The presentation, given by Jay Barry, a consultant with Mars Consulting Group, and Roger Bujola, a former superintendent involved in the creation of Essex North Shore Agricultural Technical School (Essex Tech), outlined statutory steps for forming a regional vocational school district, described how a regional agreement functions, and offered examples of how a complex merger has worked in Massachusetts.

The discussion mattered because trustees said the school needs a clear, fundable plan for Building D and other capital needs. Barry said the process is procedural but “unique” for Smith’s situation and that forming a regional vocational‑tech district is one option to explore. “One of them might be that you want to consider forming a regional vocational tech school,” Barry told trustees during the presentation.

Bujola described how Essex Tech’s reorganization combined multiple schools after enabling legislation and a feasibility study. He said the enabling legislation also funded a feasibility study and architect work: “The legislation also funded I think it was a hundred thousand dollars in funding for a feasibility study to be done to hire an architect,” Bujola said, recounting the Essex Tech experience. He described a coalition of legislative, municipal and business champions and noted the new Essex Tech opened in 2014 as a roughly $134,000,000 project serving about 1,440 students (900 vocational; 540 agricultural seats), with state land contributed under DCAM terms.

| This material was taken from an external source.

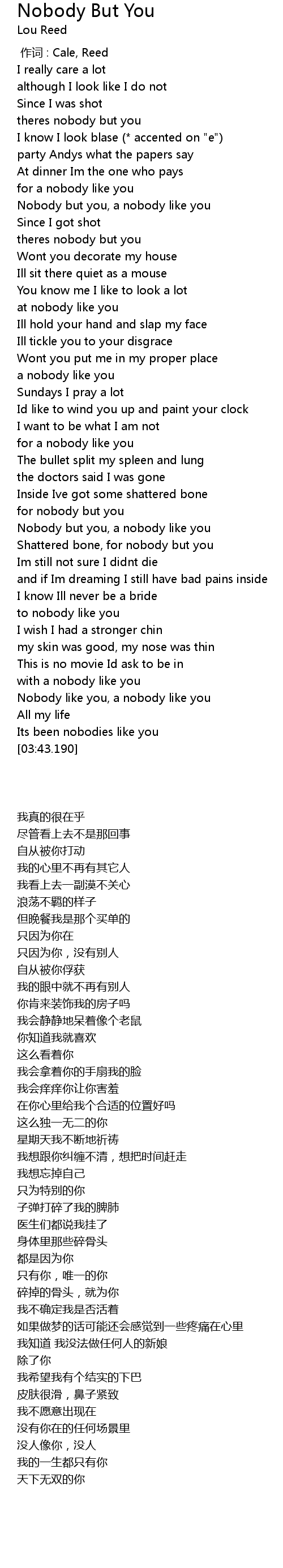 | [00:00.00] | 作词 : Cale, Reed |

Trustees and staff pressed presenters on governance, seats on a planning board, how member towns would be assessed, and MSBA eligibility. Barry and Bujola cautioned that the process is lengthy and statutory, that voters in member communities must approve a regional agreement, and that a transition period follows any approvals. Barry said a planning study and regional agreement are necessary steps before a district can become operational.

Board members did not adopt a regional agreement or hire a consultant during the meeting. Instead trustees directed a small group of board members and staff to draft a scope of services and prepare a request for proposals (RFP) describing the deliverables the board wants from outside consultants. The board agreed to return the RFP to the full board for review at the June meeting.

Trustees and presenters also discussed alternatives to regionalization, including (1) assessing a capital fee on nonresident students, (2) pursuing MSBA processes if governance changes make the school eligible, and (3) more structural options such as reducing shops and contracting vocational offerings. Presenters repeatedly emphasized the timeline and political work required: creating a regional agreement can take several years and requires legislative, municipal and community champions.

The board’s next formal step was procedural: trustees asked the debuilding/strategic planning subcommittee to draft the RFP scope, to include possible alternatives or desired outcomes, and to present the RFP draft at the June board meeting.

The meeting also included extended questions from trustees and staff about budget impacts, transportation reimbursement incentives for regionalization, and how tuition and nonresident capital fees have been handled at other regional schools.

The board did not vote on regionalization itself; presenters characterized regionalization as one of several paths and repeatedly urged stakeholders to begin a planning conversation with the state Department of Elementary and Secondary Education.